Phase 4: Preparing migration to Virtual Trials archive
The VICHTA repository will be a legacy output of the DACHA project – a valuable source of high-quality, anonymised, individual participants’ data (IPD) to inform the development of future research, testing of hypotheses and optimisation of study design issues. We took an early decision to store all trial data solely on the University of Glasgow secure server, where the VTA is also stored. This means the repository will already have a permanent ‘home’ when the DACHA study ends. Management of the repository will be transferred from the DACHA team at University of Hertfordshire (LI, CG), to the VTA team at University of Glasgow (principally the VTA co-ordinator, MA). The VTA will maintain and update the VICHTA repository, and manage requests to access its data, in conjunction with the existing TSC.

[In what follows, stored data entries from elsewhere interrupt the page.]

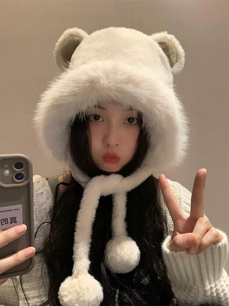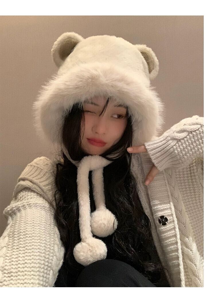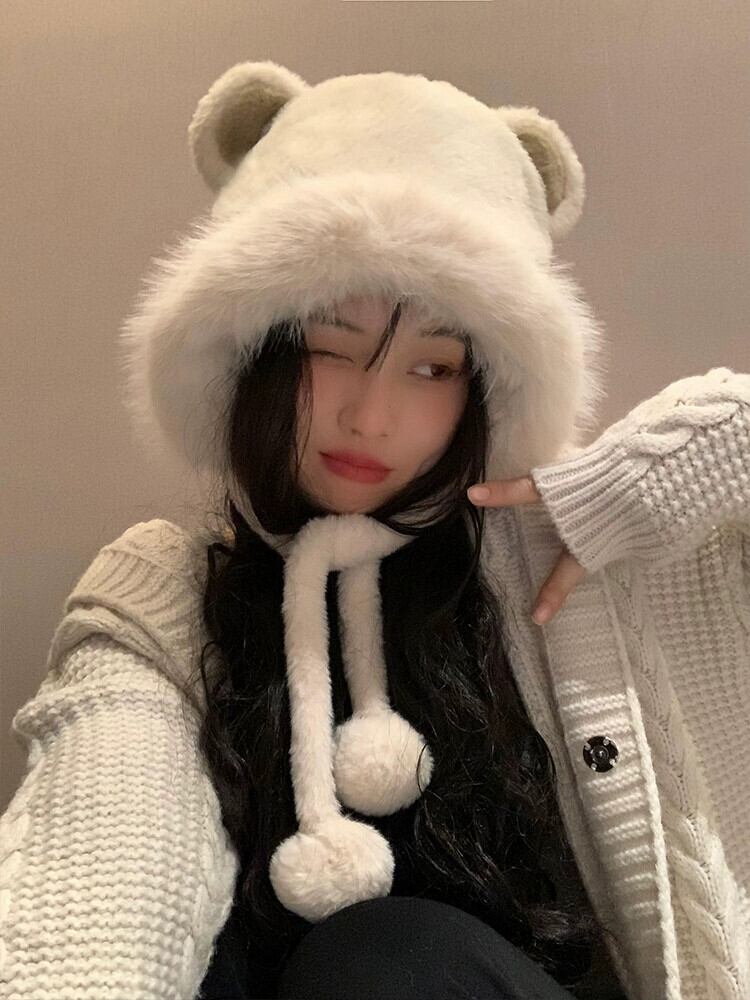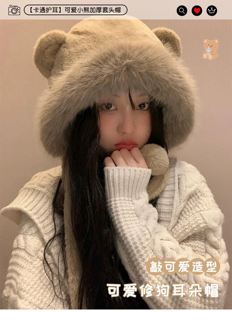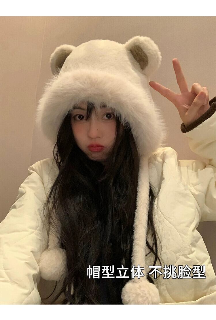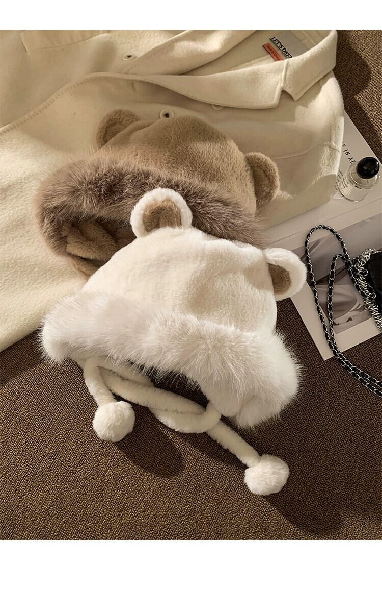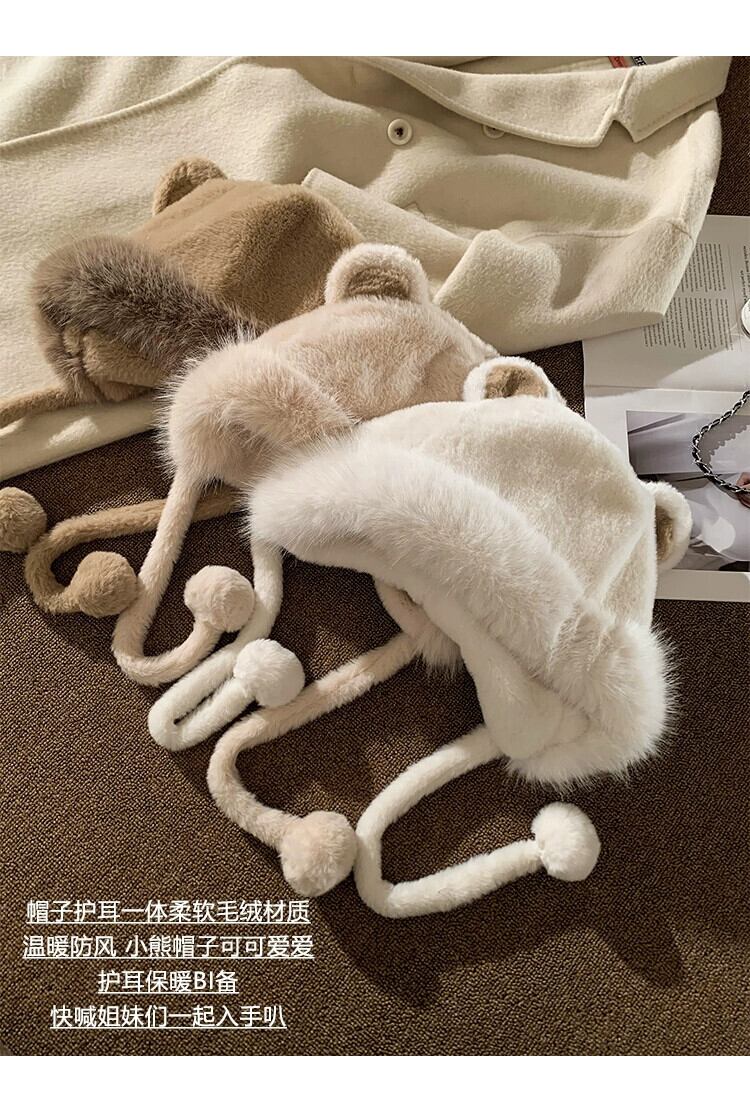 かわいいクマの耳ぬいぐるみ雷峰帽子女性の冬 2023 厚く暖かい東北防寒プルオーバー帽子 大人ガーリー スウィート キュート カジュアル ウィンター 冬物 15dd80847268862
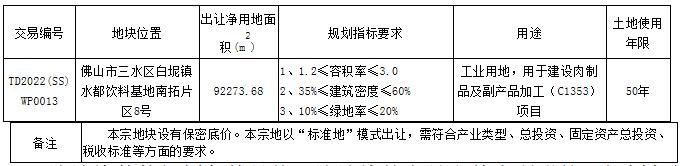 五、有意参与竞买者可于2022年4月29日后登录网上交易系统下载TD2022(SS)WP0013地块的《佛山市三水区国有建设用地使用权网上拍卖出让文件》。
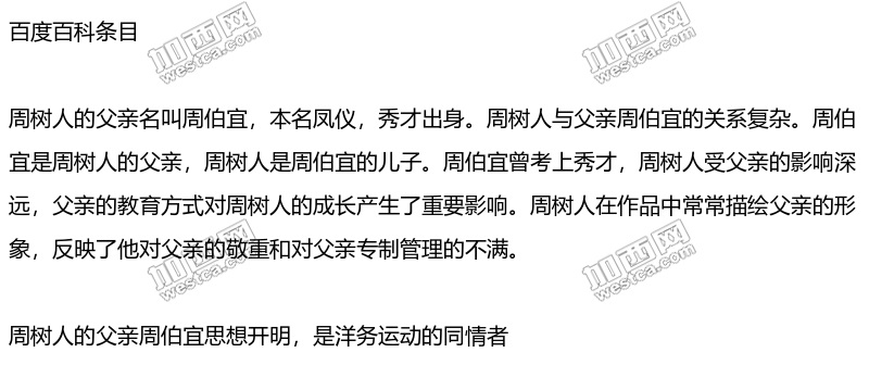 周树人的父亲名叫周伯宜,本名凤仪,秀才出身。周树人与父亲周伯宜的关系复杂。周伯宜是周树人的父亲,周树人是周伯宜的儿子。周伯宜曾考上秀才,周树人受父亲的影响深远,父亲的教育方式对周树人的成长产生了重要影响。周树人在作品中常常描绘父亲的形象,反映了他对父亲的敬重和对父亲专制管理的不满。

Following formal migration to the VTA, external researchers may apply for data extracts, by submitting a project proposal (for review and approval by the TSC) and agreeing to predefined VTA data sharing terms and conditions (See Appendix 1). At the proposal stage, TSC members may declare an interest in joining the analysis team of a proposed project and take an active role, thereby meeting ICMJE criteria for authorship. All completed analyses will be forwarded to the TSC before submission for presentation or publication for review (see Data Processing Flowchart). The TSC is acknowledged on all publications using “on behalf of VICHTA collaborators” by-line. Active involvement from each TSC member is encouraged but not essential, as data request decisions will be made by a quorum (See Appendix 3: Summary of Development and Operational Phases).